It certainly didn’t matter as Jarman’s output, during his 20-year career, pisses from a great height on Hudson’s work. What Jarman would have made of this year’s London Olympics, with its recurring reference to Chariots of Fire, would certainly have been interesting. Yet, Jarman was never fooled by his position as an outsider, he was well aware that there ‘is a complicity between the avant-garde and the establishment, it’s symbiotic, they need each other,’ as he explained to Peter Culshaw in the NME, April, 1986.

‘..all avant-garde gestures have been appropriated by just those people they sought to undermine.
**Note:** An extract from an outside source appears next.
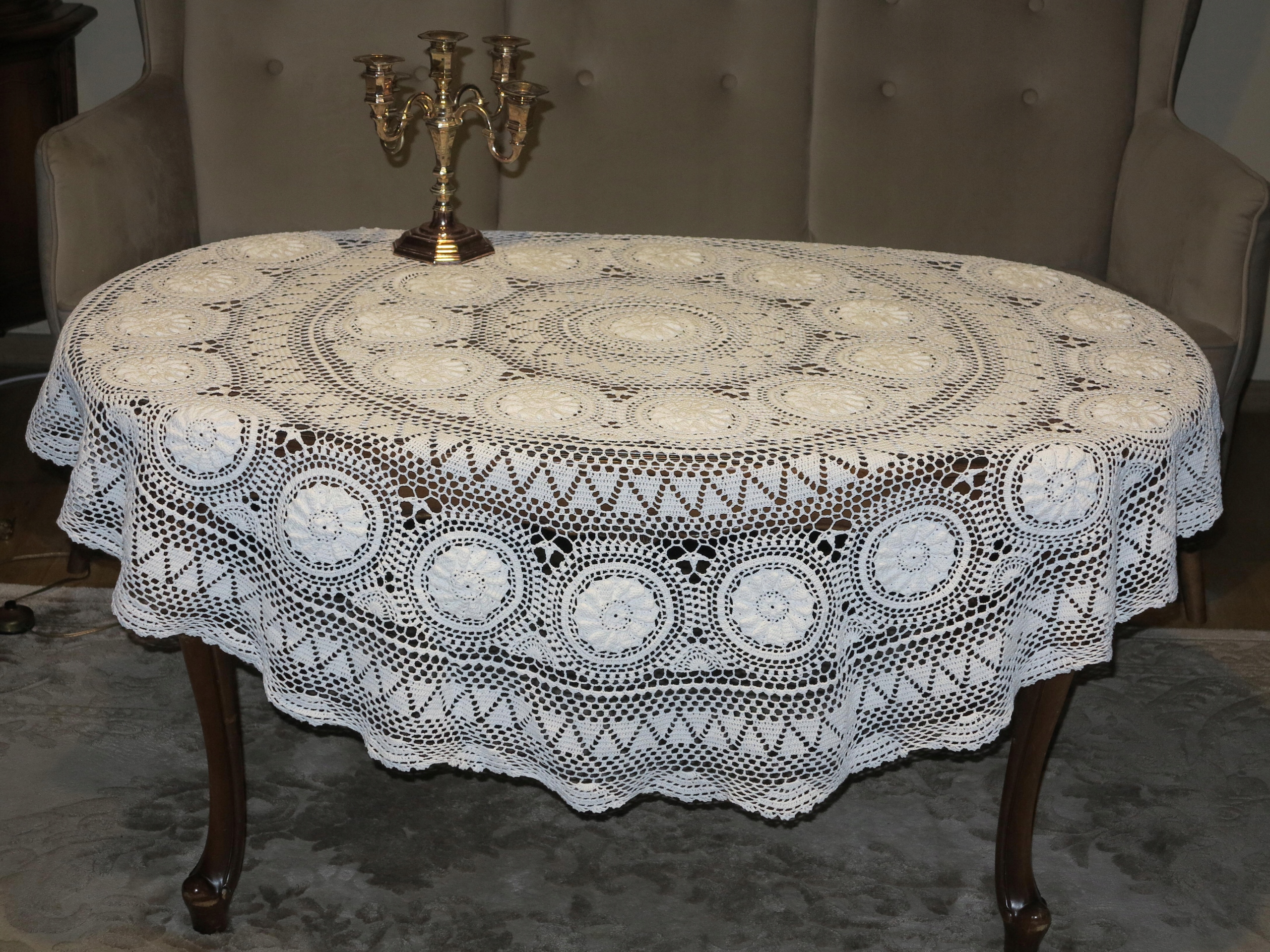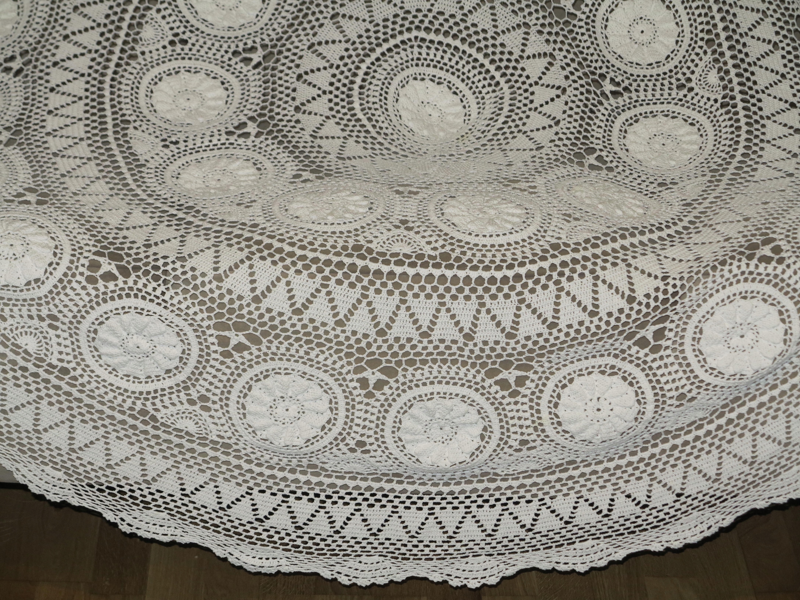 Тема аукциона - красивая скатерть, сделанная вручную в схеме вязания крючком. Это выглядит красиво на столе. Имеет размеры: диаметр: 150 см. Используется, в супер хорошем состоянии и качество. Я рекомендую.

Dada was conceived as a full-scale assault and now Dada sells for millions. But what people never point out about me is that I’m probably the most conservative film-maker in the country. I’m not talking about Thatcherite-radical conservatives, who are anti-traditional and destructive, and who see progress as heaven, I mean more like the conservatism of groups like the Green Party.’

The artist Caravaggio fascinated Jarman, because ‘he was the most inspired religious painter of the Middle Ages and was also a murderer.’

‘Imagine if Shakespeare had been a murderer - it would completely alter the way we see his plays. [Caravaggio] was particularly taken to heart by the Romans because he painted real people. The girl next door was Mary Magdalen. Or in Death of a Virgin he painted a well-known prostitute as a virgin. It was the equivalent of Christine Keeler being put up over the high altar at Westminster Abbey.’

Jarman felt a tremendous parallel between Caravaggio and his own life, and he believed that ‘the cinema of the product precludes individual voices…’

‘...and I think unless one can put one’s own voice into a film, then there’s an element of dishonesty in it.’

In this short interview Derek Jarman talks about his life and films, Caravaggio, The Last of England and War Requiem,  taken from Spanish TV’s Metropolis from 1989.
 

 
Previously on Dangerous Minds

‘Glitterbug’: Derek Jarman’s final film


Photo-spread of Derek Jarman’s ‘Jubilee’, from 1978


 
Bonus interview of Jarman talking about ‘Caravaggio’, after the jump…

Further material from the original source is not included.